City Developments Shares Plunge After Family Spat
Shares of City Developments (CDL) experienced a sharp drop of 28 cents, or 5.47%, when trading resumed today amid an internal tussle that has now reached the courts. The trading of CDL’s shares had been halted since February 26, when a scheduled results briefing was suddenly cancelled and news of a disagreement between Executive Chairman Kwek Leng Beng and his son Sherman Kwek, who is the Group CEO, came to light.
CDL released a statement on March 3, saying that they will not be commenting on the allegations made against the board as they are currently subject to ongoing court proceedings. They also reassured shareholders that the company’s business operations remain unaffected and it is “business as usual”. Sherman Kwek will continue to hold the position of Group CEO until the board makes a decision to change the company leadership.
As a result of this boardroom-cum-family dispute, analysts have downgraded their calls for CDL and reduced their target prices.
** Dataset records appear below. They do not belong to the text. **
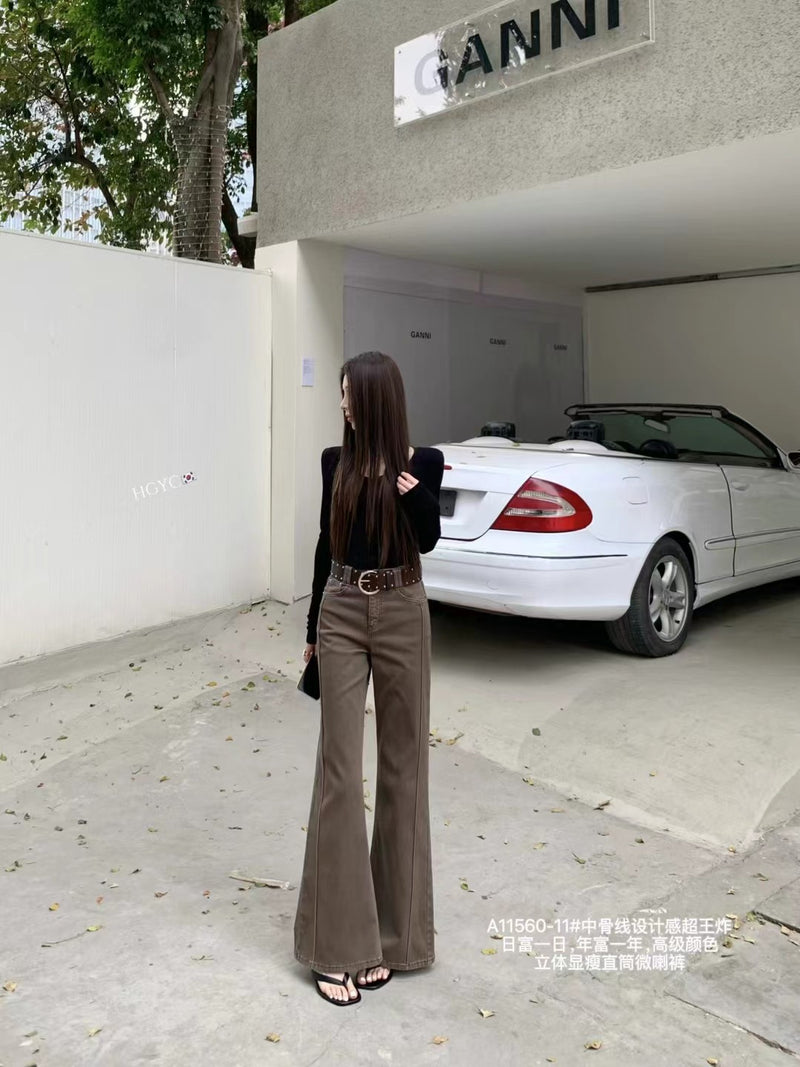Stitched wide leg flare jeans
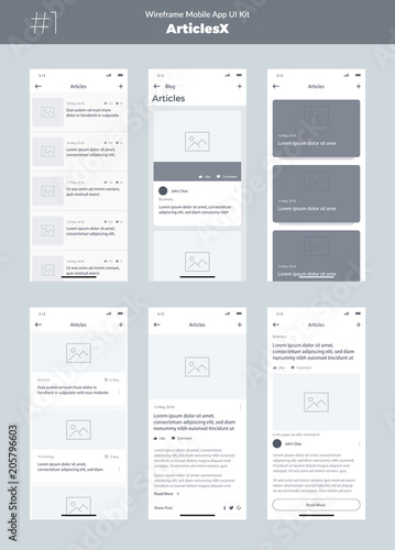 The watermark will not be included on Wall mural.: Wireframe kit for mobile phone - mobile app ui, ux design - new os articles - blog, list and articles s
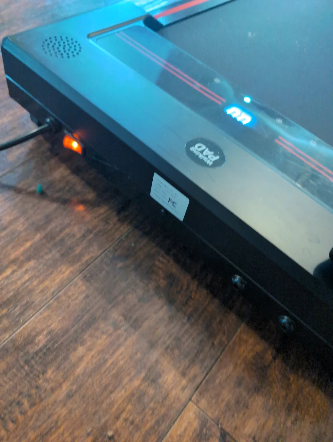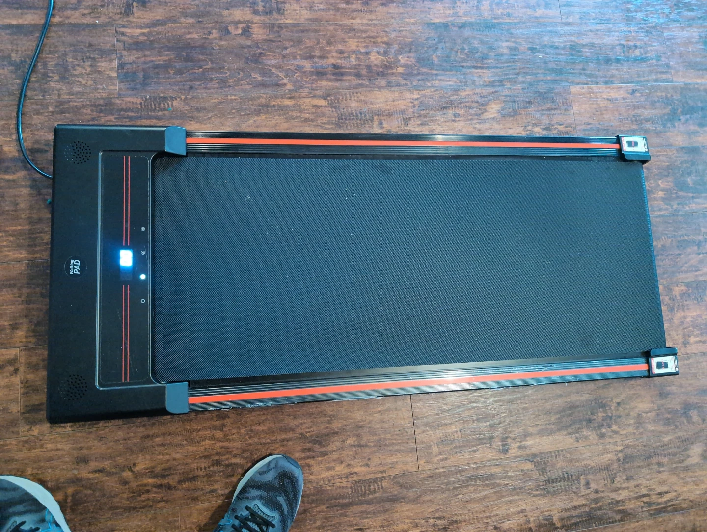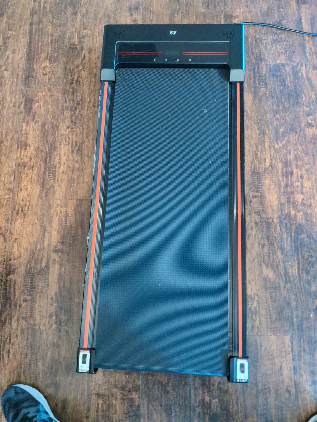 This is a portable walking pad treadmill. It comes with a remote for speed control.
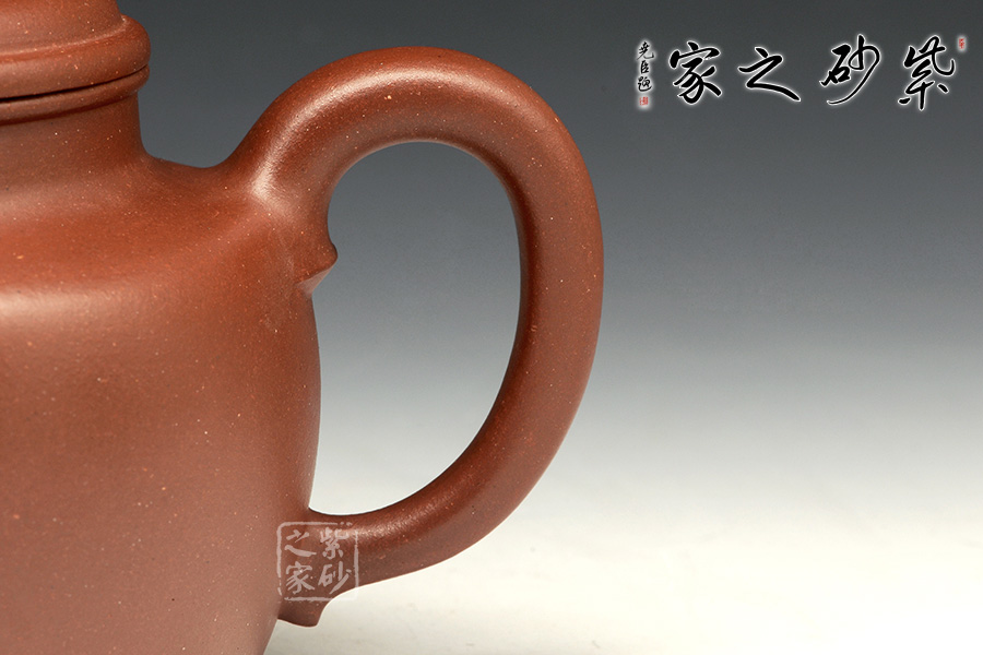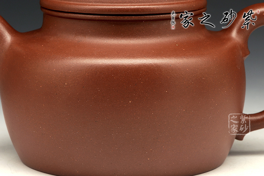 德鐘為經(jīng)典壺型,至今無法超越。短短的圓柱形壺鈕,與壺身一致。壺蓋微微鼓起來,并不覺得飽滿,但是弧形特別明顯。壺口子母線咬合得很緊致,壺友們不必?fù)?dān)心倒茶時茶水溢出;同時這款壺的壺口比較大,茶葉進(jìn)出也很方便。壺肩略微平整,壺頸修長,所以整個壺體并不覺得矮壯,而是集穩(wěn)重和精巧于一體。直流嘴挺出得很爽利,同時圈把闊大,略微見方形,使用起來很方便。
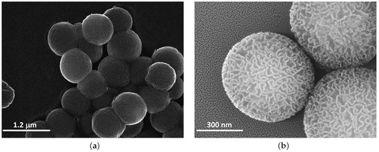 The low magnification SEM image of the synthesized silica KCC-1 nanoparticles showed a spherical morphology with particles sizes of about 600–700 nm (Figure 1a). The high magnification FEG-SEM image, Figure 1b, highlights the well-developed wrinkle morphology and high porosity characteristics of KCC-1.
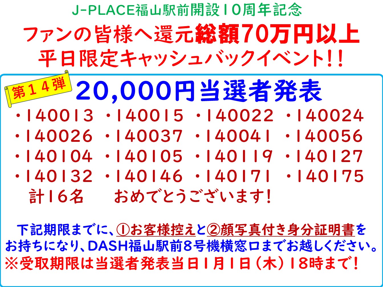 キャッシュバックイベント第14弾 当選者発表
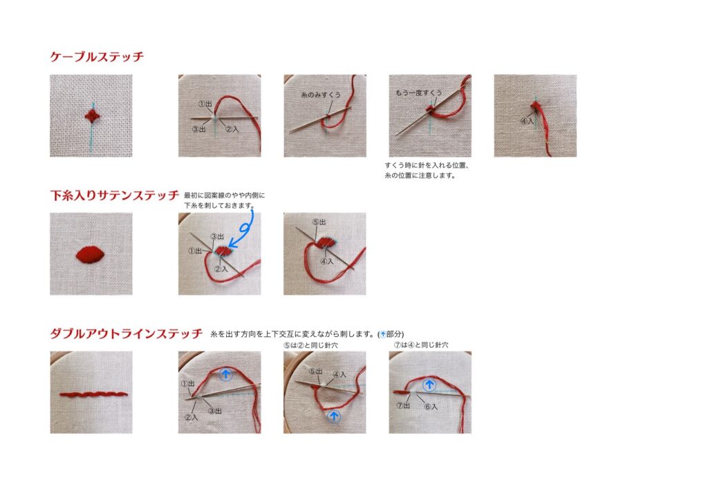 (↑ケーブルステッチの刺し方は、こちらのステッチ解説を参考にしてください)
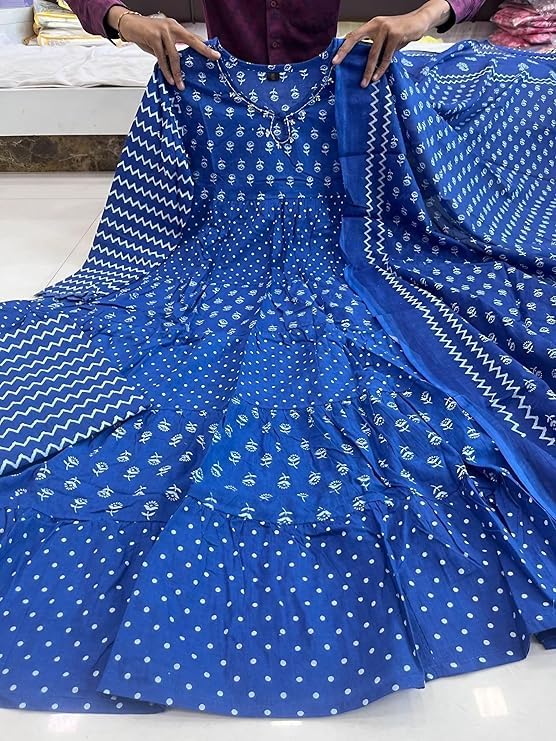 popular ! Women Cotton Indigo Hand Block Printed Kurta Pant With Dupatta
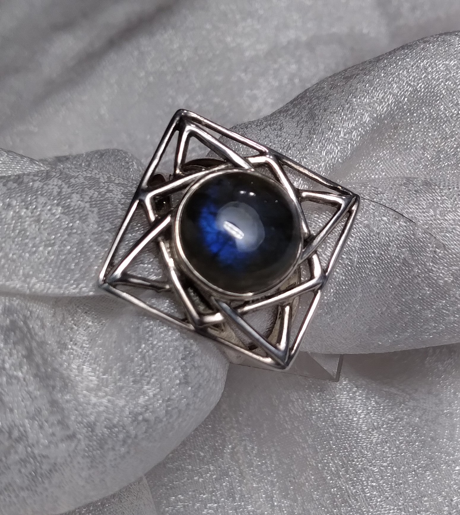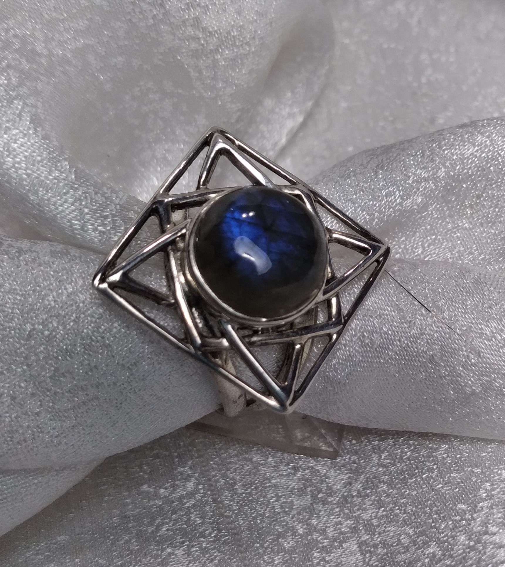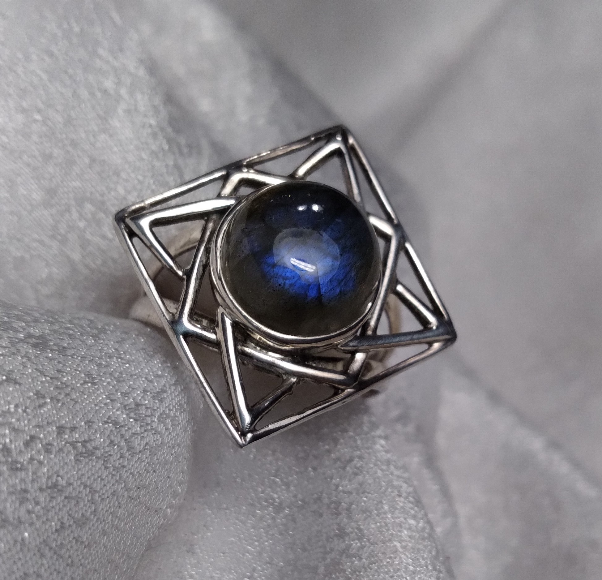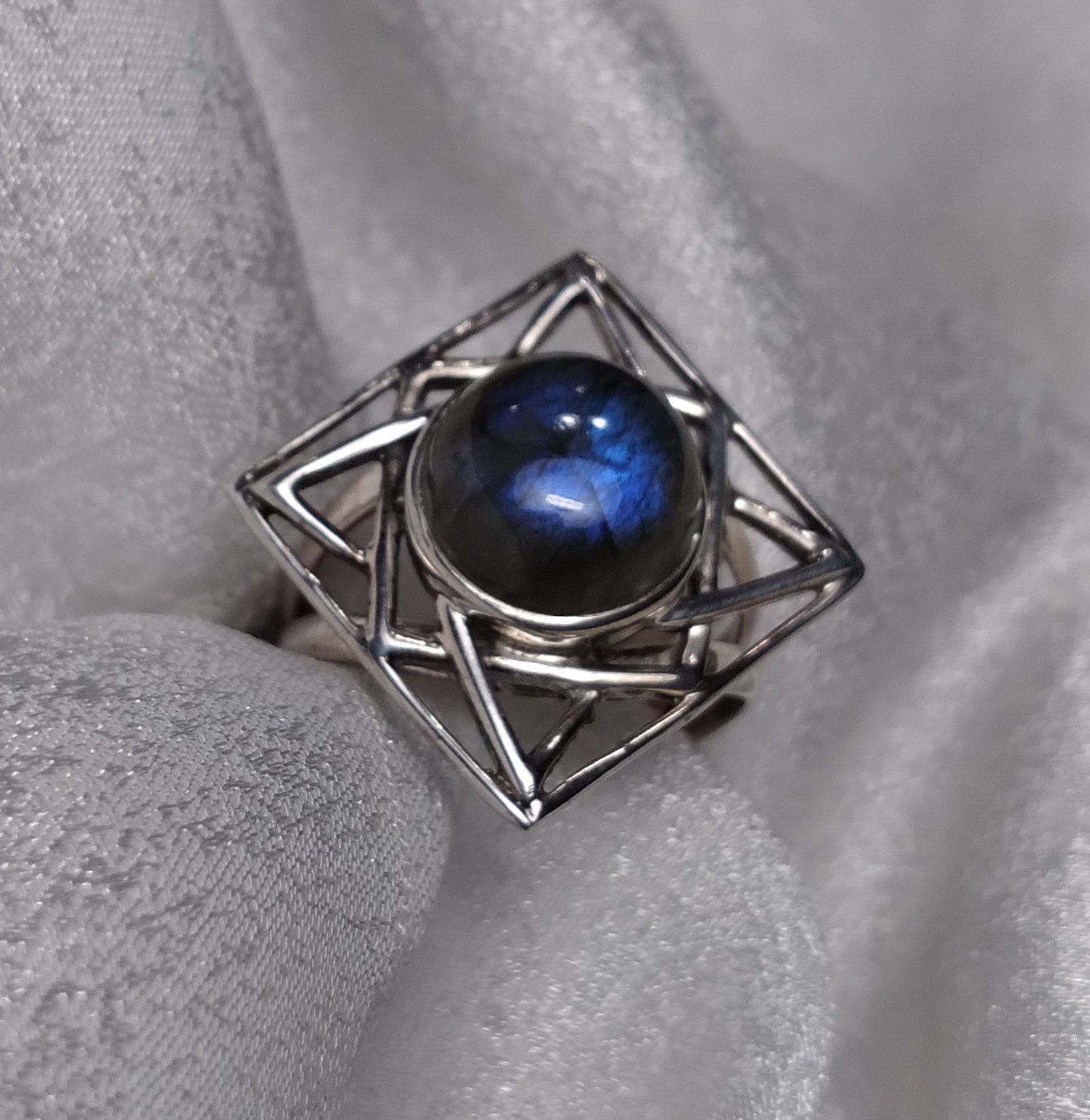 Labradorite square open plate bezel set split shank round cabochon ring. Size 7.75.
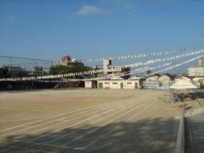 (1)準備が整った運動場。子どもたちが来るのを静かに待ちます。
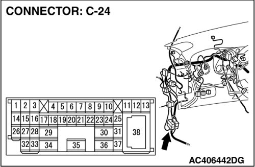 (1)Disconnect the connector A-38, and connect special tool MB991997 to the wiring harness-side connector.
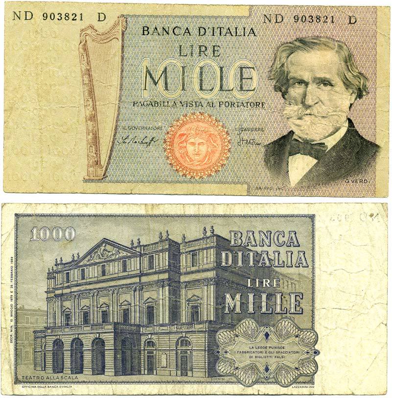 Италия 1000 лир 1979 Джузеппе Верди, Милан Ла Скала Pick 101f бумага 7553-15-1
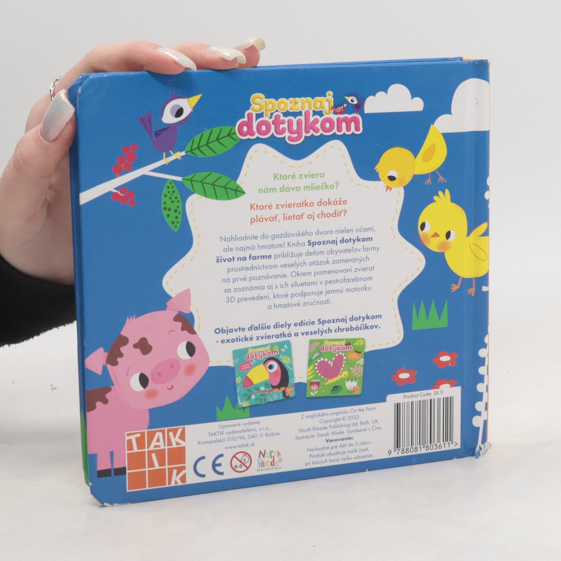 Ktoré zvieratko nám dáva mliečko? A ktoré je schopné plávať, lietať aj chodiť? A ktorý obyvateľ farmy zobúdza ostatných? Nahliadnite do gazdovského dvora nielen očami, ale aj hmatom. Kniha Spoznaj dotykom život na farme približuje deťom obyvateľov farmy prostredníctvom veselých otázok zameraných na prvé poznávanie. Okrem pomenovaní zvierat sa zoznámia aj s ich siluetami v pestrofarebnom 3D prevedení, ktoré podporuje jemnú motoriku a hmatové zručnosti. Práve hmat je u detí prostriedkom spoznávania nových vecí. Aj vaše deti zbožňujú spoznávanie zvierat a chcu pohladiť kohútika, kačičku či kravičku? Knižku Spoznaj dotykom si určite obľúbia. Výrezy s hmatovými prvkami stimulujú a rozvíjajú ich zmysly. Kniha je vhodná pre deti od 3 rokov.

Adrian Loh from UOB Kay Hian downgraded the stock from “buy” to “hold” in a note dated February 27. He stated that the company’s FY2024 numbers missed both his and consensus estimates, but more significantly, the news of the leadership tussle overshadowed any financial performance. Loh said that while CDL has valuable assets both in Singapore and globally, it is likely to face difficulties in performing due to this ongoing issue. He has revised the target price to $4.60, down from $7, which is now pegged at two standard deviations below its five-year average price-to-book (P/B) ratio of 0.72 times.
Derek Tan and Tabitha Foo from DBS Group Research have also downgraded their target price for CDL from $10.50 to $6.70, with a “buy” call. They believe that despite the interim decline in investor sentiment, the fundamentals of the company remain strong, with key management still in place to run the company. Tan and Foo also pointed out that CDL is currently trading at an attractive valuation of 0.5 times P/B and 0.3 times P/RNAV, which are both below the levels during the Global Financial Crisis. They are confident that once the dispute is resolved, there will be a renewed focus on driving shareholder returns and profitability.
OCBC Investment Research has also maintained a “buy” call but with a lower fair value estimate of $6.02 from $6.57, based on a wider RNAV discount of 60%, up from 45%. The research house also believes that there may be uncertainties surrounding CDL’s outlook until the matter is resolved.
Citi Research’s Brandon Lee also thinks that the potential impact of this episode is difficult to quantify, but he believes that the share price may be negatively affected in the short term due to the uncertainty surrounding the board and company leadership. However, he does note that CDL is under-owned by investors, therefore, a positive resolution would likely be a major catalyst for the share price in the long term. Lee has a “buy” call with a target price of $9.51, based on his assessment of the company’s trading at less than a third of its book value.
In a note dated February 26, JP Morgan analysts Mervin Song and Terence M Khi describe the situation at CDL as a “dynastic discord” that was brewing for some time due to underperformance and disagreements within certain members of the Kwek family. They remain hopeful that the dispute will be resolved positively and the family reconciled, but their target price has been lowered to $4.85 from $6.05, which is based on a 60% discount to their estimated RNAV of $12.10 per share.